An investigation is only as good as the history behind it. This gives analysts the depth to ask questions that used to require a separate archive or a long wait on a data team.
Why This Release, Why Now
We have watched AI tooling move fast over the past two years. Most network and security teams have found an AI tool they trust and built a workflow around it. Those workflows still hit a wall the moment the question is about the network specifically.
19.8 is built to remove that wall. The flow data your network already produces from routers, switches, firewalls, and cloud connectors is the most complete record of what is happening on the infrastructure. It should be accessible to whatever AI your team is running, not siloed behind a separate login in a separate platform.
We also have customers operating in environments where the threat timeline has compressed. The window between a vulnerability disclosure and active exploitation used to be weeks. In many cases today it is minutes. Investigations that relied on manual report-pulling and context-switching between tools were already slow relative to what the threat environment required. They are slower still now. The combination of MCP integration and in-platform AI agents in 19.8 is directly aimed at that problem.
If you are thinking about how agentic AI workloads affect your network visibility posture, our post on monitoring and investigating agentic network traffic covers what makes agent-generated flows behaviorally different from human traffic and where conventional monitoring approaches break down: How to Monitor and Investigate Agentic Network Traffic
Available Now
Plixer 19.8 is generally available now to all Plixer Scrutinizer and Plixer One customers at no additional charge. You can access it through the standard platform update process.
If you want to see the MCP connection and the investigation agents in action against real flow data, we have a product tour that walks through how an investigation runs from start to finish in the new environment.
Key Takeaways
Three capabilities in 19.8 address the gap between where AI tools operate and where the network data lives:
- The Scrutinizer MCP server lets any MCP-compatible AI tool point directly at Plixer's investigative engine, running flow reports, pivoting on alarms, and triggering captures without leaving the AI environment the team already uses.

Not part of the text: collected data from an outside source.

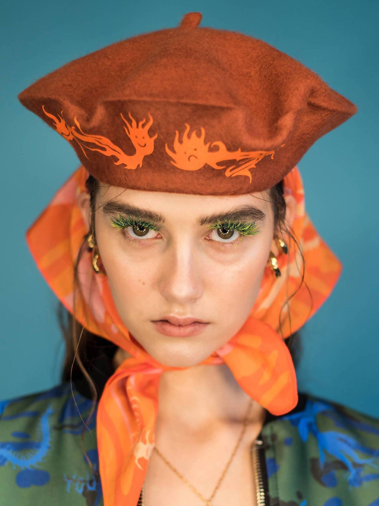 • Beret MOOD ginger from the collection "Something is nice there over the clouds" with original graphics by www.mateuszkolek.com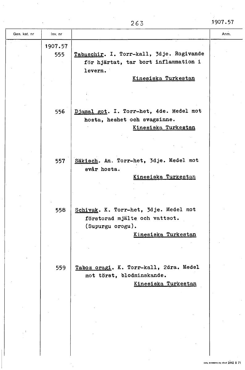 263 1907.57 1907.57 555 Tabaschir. I. Torr-kall, 3dje. Rogivande för hjärtat, tar bort inflammation i levern. Kinesiska Turkestan 556 Diamal got. I. Torr-het, 4de. Medel mot hosta, heshet och svagsinn...
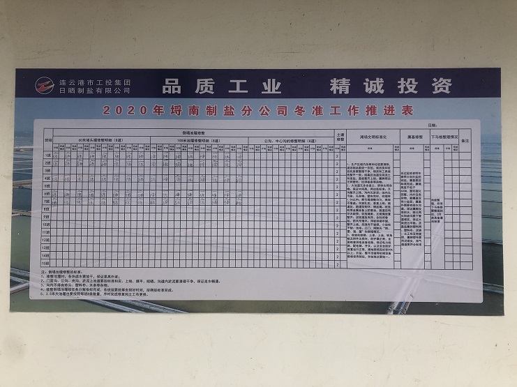 為更好落實(shí)“冬準(zhǔn)”大會(huì)會(huì)議精神,11月17日上午,埒南制鹽公司制定冬準(zhǔn)工作推進(jìn)表,張貼在公司辦公區(qū)域墻面上,促進(jìn)冬準(zhǔn)工作有序開展。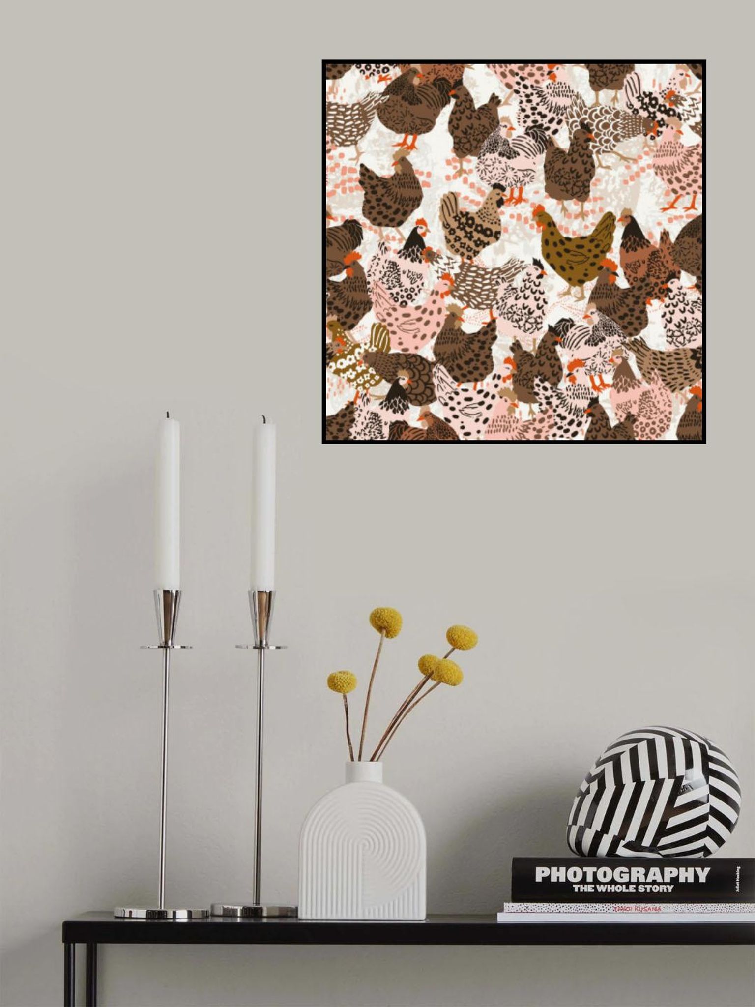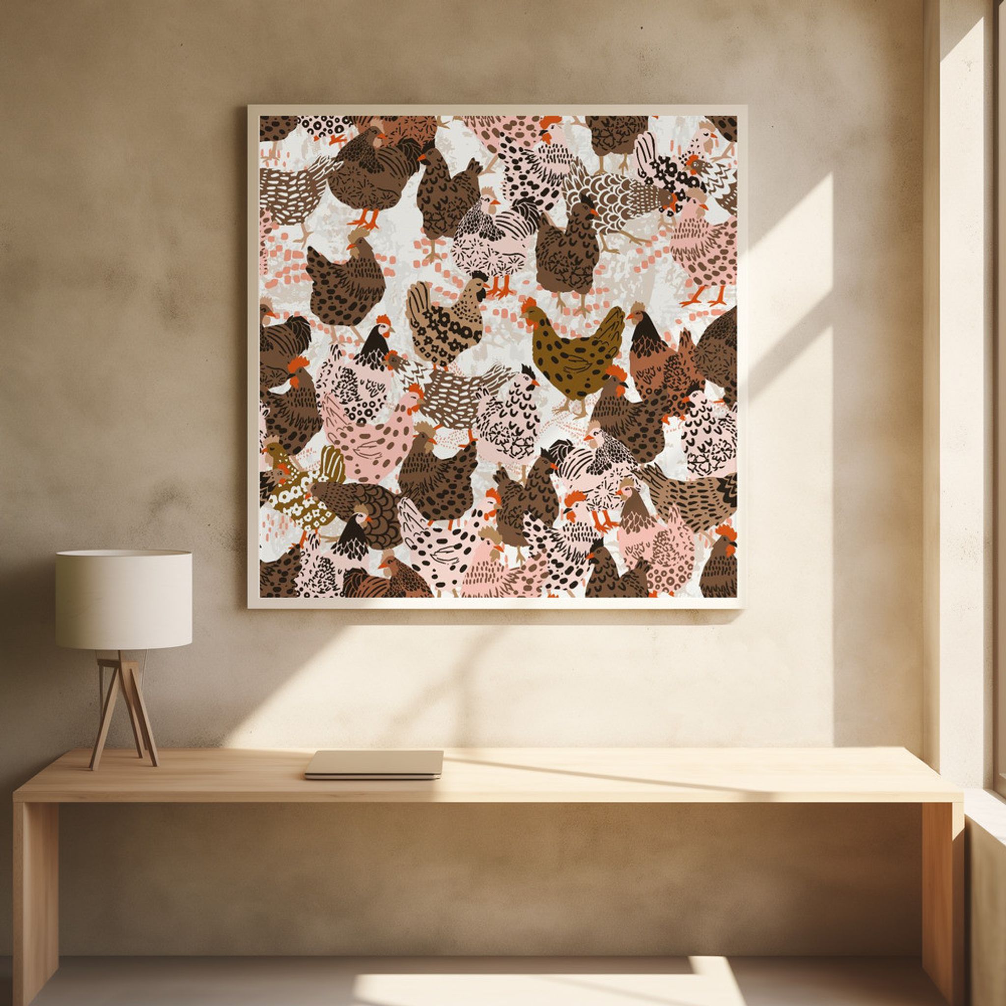 Brown chicken family pecking on the ground pattern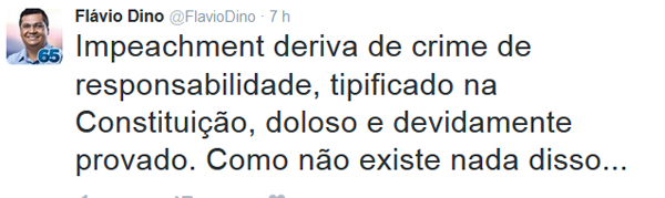 Na verdade estamos diante de um aproveitador, o homem sem alma e sem moral, um cínico que apenas busca para si todos os instrumentos de poder para viabilizar o seu projeto de hegemonia política. E chega a ser patético o seu devaneio. Sim, meus amigos e amigas, Flávio Dino sonha em ser presidente da República. Pouco importa se o país está em farrapos, se a economia entra em colapso, se a presidente traiu o seu povo, se enganou seus eleitores com promessas matematicamente feitas pelos marqueteiros apenas para ganhar a eleição e logo em seguida abandonadas. Para Flávio Dino a única coisa que importa é o poder. Para ele não interessa a opinião dos maranhenses em relação à presidente Dilma. Não quer sequer ter o trabalho de saber o que pensa a sua gente. Decidiu ser o paladino da “democracia contra o golpe” mesmo que isso signifique massacrar o povo do Maranhão e do Brasil!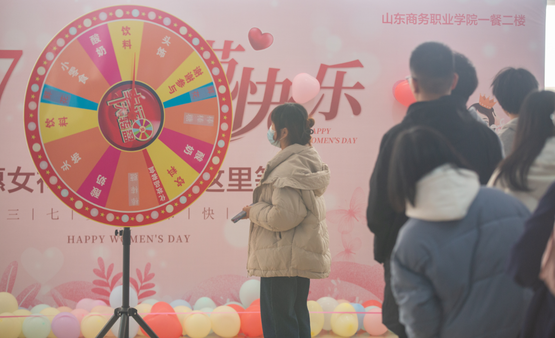 精致化妆品礼盒、发卡、鲜花、酸奶、小零食等,丰富的礼品以转盘抽奖形式送给前来消费的学生们。抽奖活动开展不到半小时,人群中忽然响起一阵掌声,来自文化旅游学院22级的一位女同学赢得了一等奖奖品精致化妆品礼盒一个。同学兴奋的说:“在这样的节日里,收到来自学校的礼物,很开心也很感动!”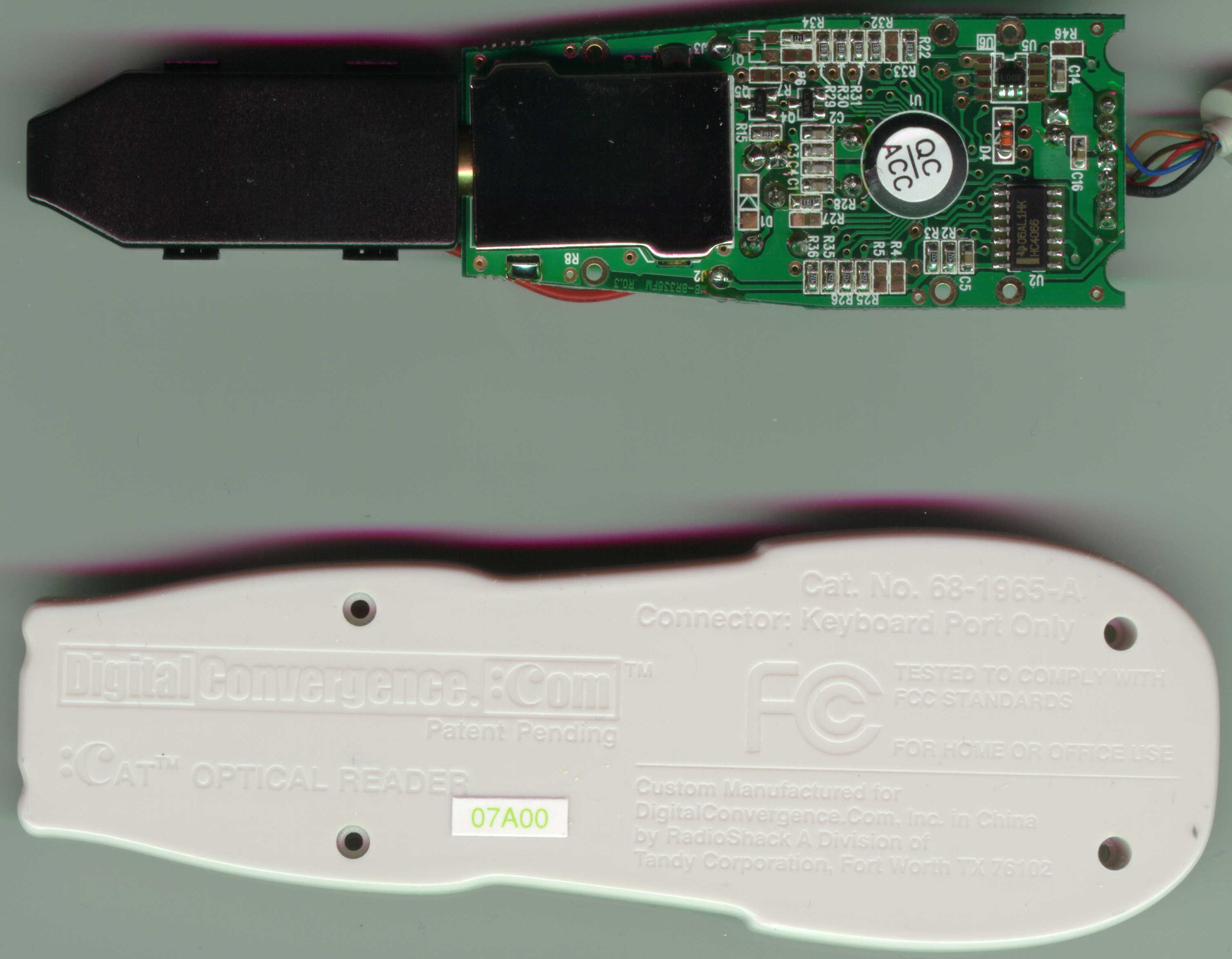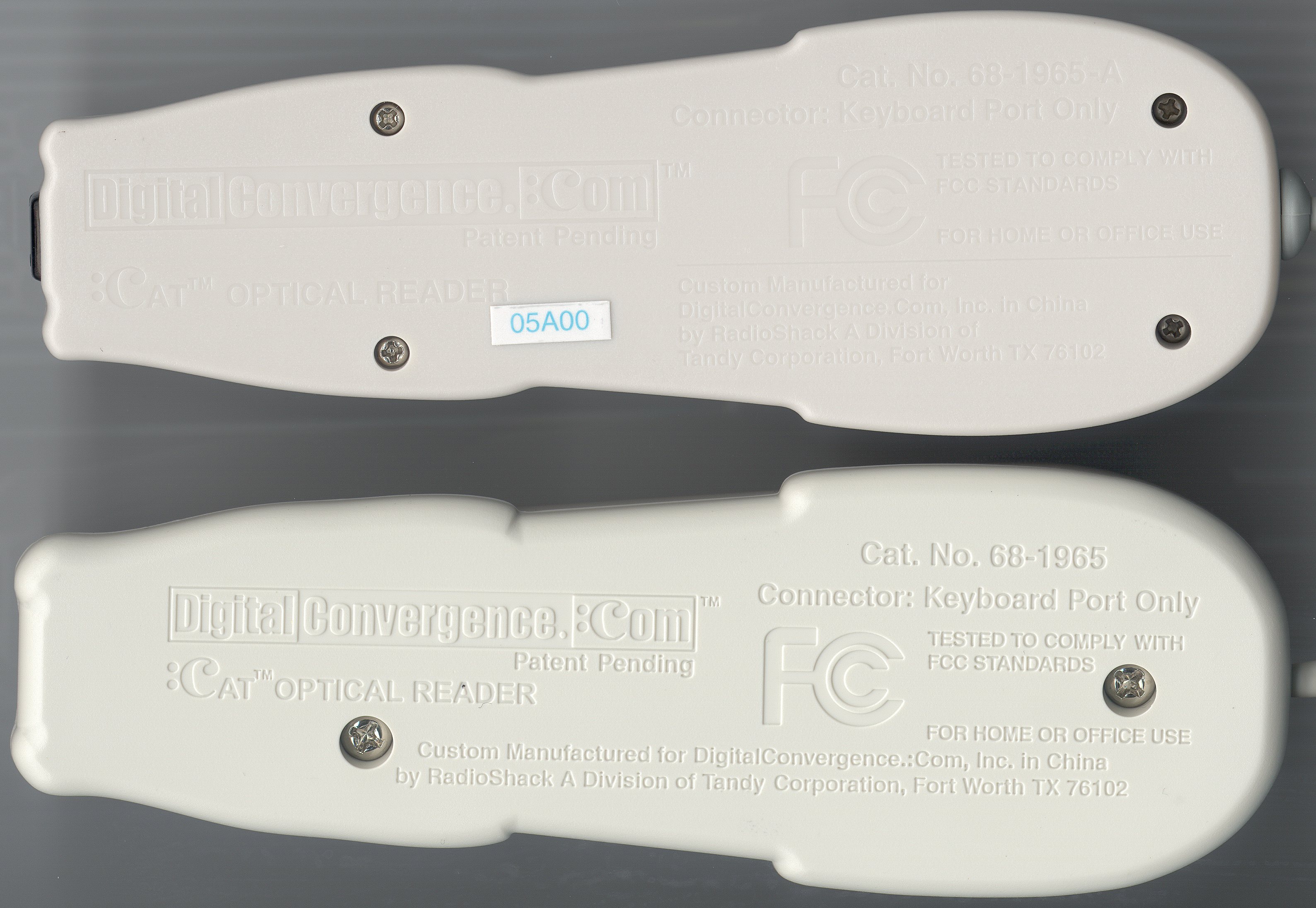 Undersides of CueCats - 68-1965-A on top, 68-1965 on bottom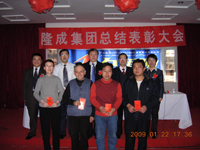 2009年1月22日,隆成集团2008年度总结表彰大会在隆成翔综合办公大楼五楼多功能厅召开。参会人员有隆成集团下属6个企业的员工。会议由隆成集团副总经理曹向前主持并致开幕词。由集团公司曹晓莉副总做隆成集团2008年度工作总结。由刘辉总经理、曹向前副总和曹晓莉副总宣布并给2008年度获奖的集体、先进个人颁奖。在本次会议中,曹晓莉副总向大家通告了2008年集团公司全面完成计划任务的喜讯,并且由隆成集团董事长、总经理刘辉亲自给企业的八名特困职工发放了过节补助。随后,获得先进集体、先进个人、优秀通讯员和优秀职工建议奖的员工代表上台讲了话,代表们用他们的事迹向我们展示了隆成人的风采。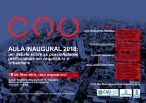 A partir das 16h30 de hoje (19) será realizada no anfiteatro Arq. Jurandir Nogueira do bloco de Arquitetura e Urbanismo a aula inaugural 2018 da graduação. O evento será “Um debate sobre as possibilidades profissionais na arquitetura e urbanismo”.

- Plixer AI ships two in-platform agents: AI Insights for daily alarm triage with ranked incidents and evidence attached, and the AI Assistant for on-demand investigation in plain English. Every recommendation traces back to the flows behind it.
- Extended flow history adds multi-tier storage with configurable retention by exporter and host indexing that runs one year or more, giving investigations the forensic depth to reach back before an alarm fired.
- All of this runs on the flow data your network already produces. No new sensors, no separate data pipelines, no additional charge for existing customers.
- The governance model keeps analysts in control: Plixer AI can act on an allowlisted action the analyst approves, and every output is explainable to an analyst, a board, or an auditor.